Fatty-acid receptor CD36 functions as a hydrogen sulfide-targeted receptor with its Cys333-Cys272 disulfide bond serving as a specific molecular switch to accelerate gastric cancer metastasis

Abstract Background Hydrogen Sulfide (H 2 S), a third member of gasotransmitter family along with nitric oxide (NO) and carbon monoxide (CO), exerts a wide range of cellular and molecular actions in our body. There is a large body of evidence suggesting that H 2 S plays an important role in cancer metastasis; however, the molecular mechanisms of H 2 S-mediated acceleration of cancer metastasis remain unknown. Methods We examined the promote effects of H 2 S on phenotype of gastric cancer (GC) cells (including those of express wild type CD36 and mutant CD36) in vitro and in vivo . GC patients' samples were used for clinical translational significance evaluation. Findings H 2 S triggered lipid metabolism reprogramming by significantly up-regulating the expression of the fatty-acid receptor CD36 (CD36) and directly activating CD36 in GC cells.

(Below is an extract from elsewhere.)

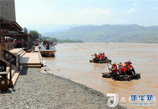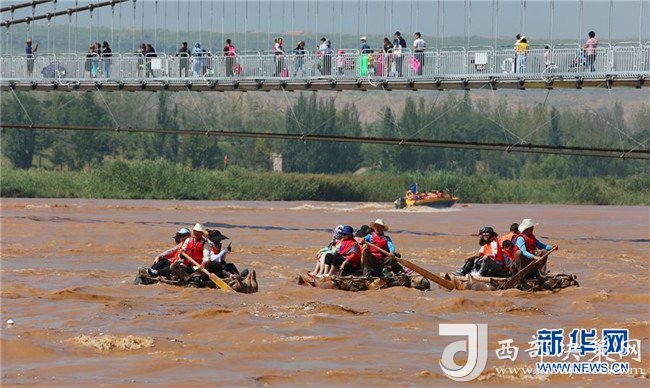 8月22日,游客在中衛(wèi)市沙坡頭旅游景區(qū)乘坐羊皮筏子游覽。沙坡頭旅游景區(qū)因地制宜發(fā)展沙漠旅游,旺季日接待游客量達(dá)兩萬人次。新華社記者伍婧丹攝
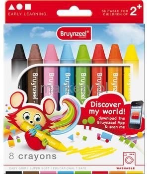Bruynzeel Crayons kredki dla najmłodszych użytkowników (od 2 roku życia) polecany szczególnie dla przedszkolaków ze względu na doskonałą jakość i funkcjonalność; produkt jest przebadany jest dermatologicznie; kredki są nietoksyczne, super zmywalne z rąk i ubrań za pomocą wody, bez użycia detergentów; wielkość kredki 85 x 15 mm; kredki są krótkie i grube co sprawia, że są idealnie przystosowane do rączek małych dzieci posiadają miękki grafit i wyraźne barwy zestaw zawiera 8 kolorów: czarny brązowy różowy, niebieski zielony czerwony pomarańczowy żólty opakowanie: estetyczne pudełko tekturowe, w które wsunięta została plastikowa paletka produkt firmy Bruynzeel-SakuraRok 1898 to początek powstania holenderskiej firmy Bruynzeel. Od początku istnienia głównym profilem firmy było przetwórstwo drewna.Roku 1948 stał się przełomowym w funkcjonowaniu firmy. Uruchomiona została produkcja ołówków w drewnianej obudowie.W roku 1997 Bruynzeel stał się członkiem grupy Sakura. Ta japońska firma powstała w roku 1921 początkowo pod nazwą Nihon Crayon Corporation, aby w roku 1970 zmienić nazwę na Sakura Color Products Corporation. Od początku swej działalności Sakura wprowadziła szereg innowacyjnych produktów takich jak olejowe pastele Cray Pas (1925 r.), przemysłowy marker Solid Marker (1964 r.), pisak Pigma Ink (1981 r.) oraz roller żelowy Gelly Roll (1987 r.). W roku 1991 Sakura stała się właścicielem znanego holenderskiego producenta artykułów dla artystów – firmy Royal Talens.Natomiast od roku 2001 firma pod nazwą Bruynzeel – Sakura BV ma w swej ofercie produkty do szkoły i biura, dla plastyków oraz do użytku przemysłowego.

Mechanistically, a disulfide bond located between cysteine (Cys)333 and Cys272 within the CD36 protein structure that was labile to H 2 S-mediated modification. The long chain-fatty acid (LC-FA) binding pocket was capped by a turn in the CD36 protein, located between helical and sheet structures that were stabilized by the Cys333-Cys272. This limited the secondary binding between LC-FAs and lysine (Lys)334. Breaking the Cys333-Cys272 disulfide bond restored the second LC-FA binding conformation of CD36. Targeting CD36 in vivo blocked H 2 S-promoted metastasis and improved animal survival. Interpretation These findings identify that the Cys333-Cys272 disulfide bond disrupted the integrity of the second LC-FA binding conformation of CD36. Therefore, CD36 can directly activate LC-FA access to the cytoplasm by acting as a direct target molecule for H 2 S.